- [Records for the task]
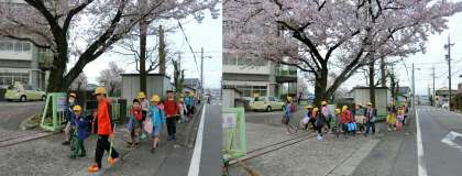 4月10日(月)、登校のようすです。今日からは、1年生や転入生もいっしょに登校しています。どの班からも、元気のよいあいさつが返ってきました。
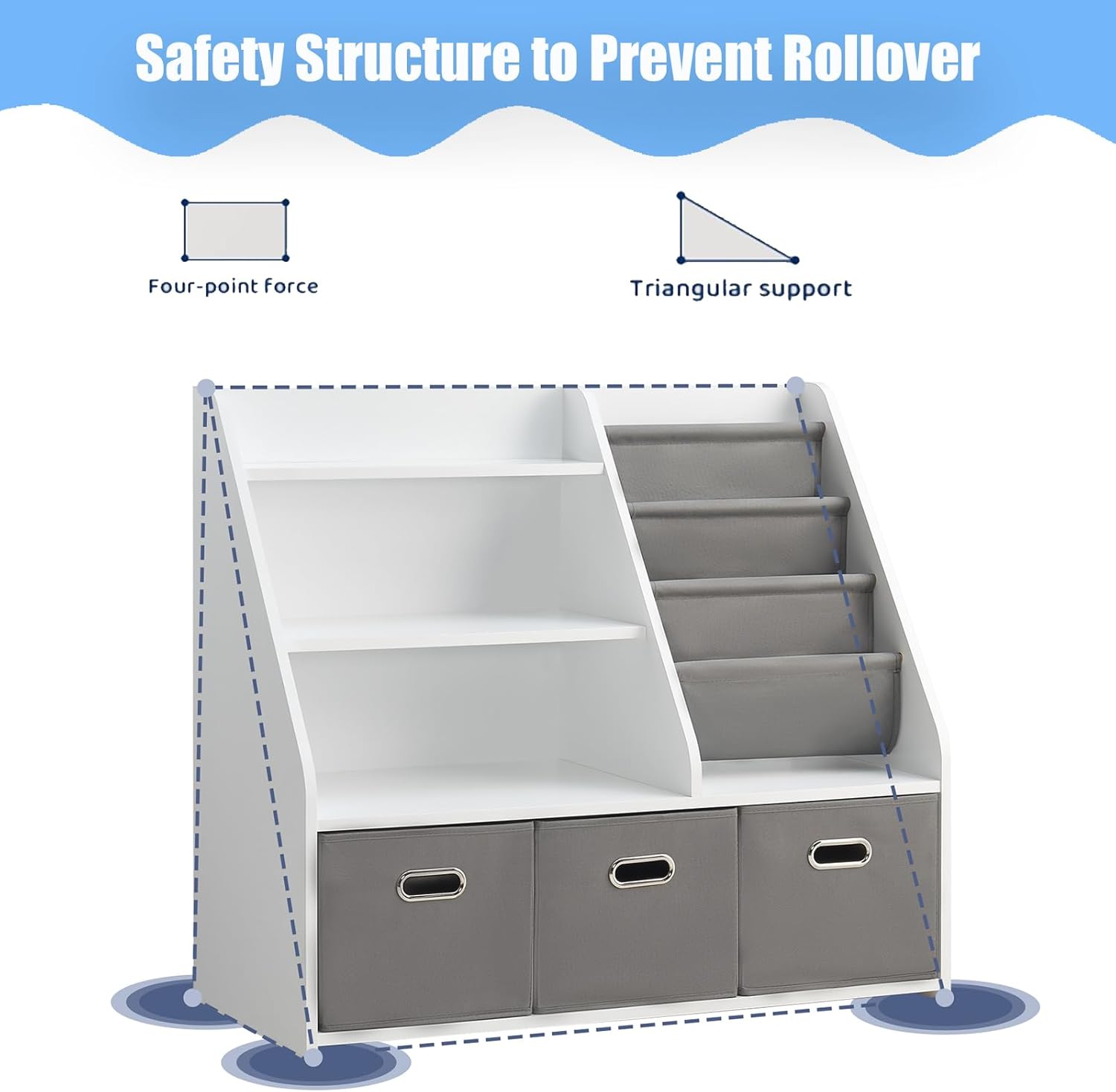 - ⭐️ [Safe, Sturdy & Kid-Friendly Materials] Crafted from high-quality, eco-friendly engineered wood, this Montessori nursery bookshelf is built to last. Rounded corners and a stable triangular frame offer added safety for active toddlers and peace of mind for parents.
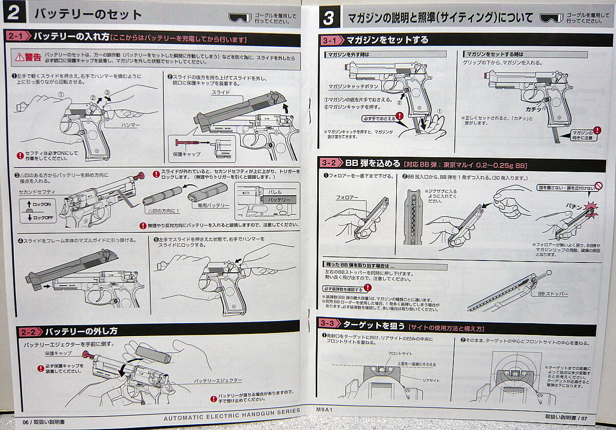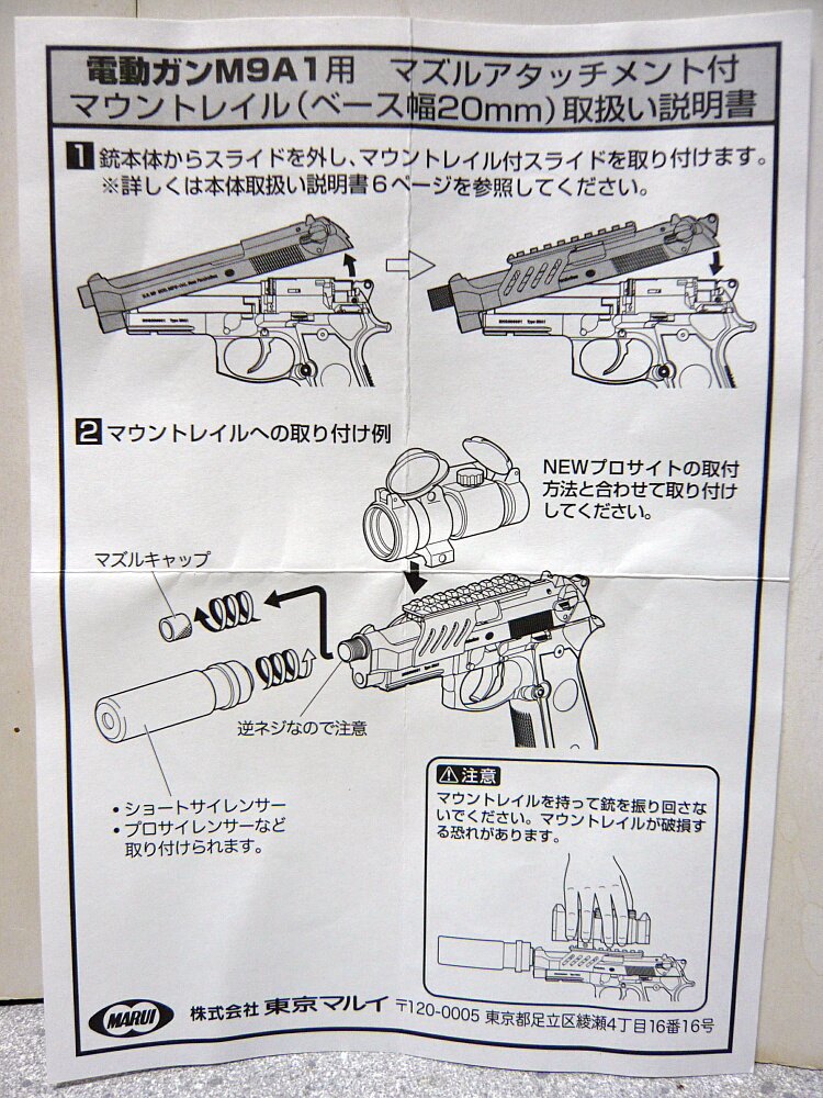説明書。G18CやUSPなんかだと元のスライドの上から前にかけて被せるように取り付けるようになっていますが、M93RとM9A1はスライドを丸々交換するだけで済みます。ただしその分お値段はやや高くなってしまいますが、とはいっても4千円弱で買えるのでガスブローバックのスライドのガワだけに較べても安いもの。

--

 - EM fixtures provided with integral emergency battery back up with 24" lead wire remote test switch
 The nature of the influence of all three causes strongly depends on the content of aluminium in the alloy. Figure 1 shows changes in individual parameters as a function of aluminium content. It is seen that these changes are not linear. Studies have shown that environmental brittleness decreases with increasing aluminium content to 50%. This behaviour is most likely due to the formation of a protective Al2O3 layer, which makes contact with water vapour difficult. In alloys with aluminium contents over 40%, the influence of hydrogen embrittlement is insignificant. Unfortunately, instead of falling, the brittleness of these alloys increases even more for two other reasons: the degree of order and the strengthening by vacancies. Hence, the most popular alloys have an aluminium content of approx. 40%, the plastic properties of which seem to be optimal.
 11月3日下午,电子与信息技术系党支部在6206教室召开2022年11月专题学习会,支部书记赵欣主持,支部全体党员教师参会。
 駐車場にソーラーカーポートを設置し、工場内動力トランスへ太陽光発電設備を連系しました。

- [Brief]
Your answer must be the lines above from the one holding "4月10日(月)、登校のよう" up to and including the one holding "- ⭐️ [Safe, Sturdy", exact and with no pictures.

- [Result below]
 4月10日(月)、登校のようすです。今日からは、1年生や転入生もいっしょに登校しています。どの班からも、元気のよいあいさつが返ってきました。
 - ⭐️ [Safe, Sturdy & Kid-Friendly Materials] Crafted from high-quality, eco-friendly engineered wood, this Montessori nursery bookshelf is built to last. Rounded corners and a stable triangular frame offer added safety for active toddlers and peace of mind for parents.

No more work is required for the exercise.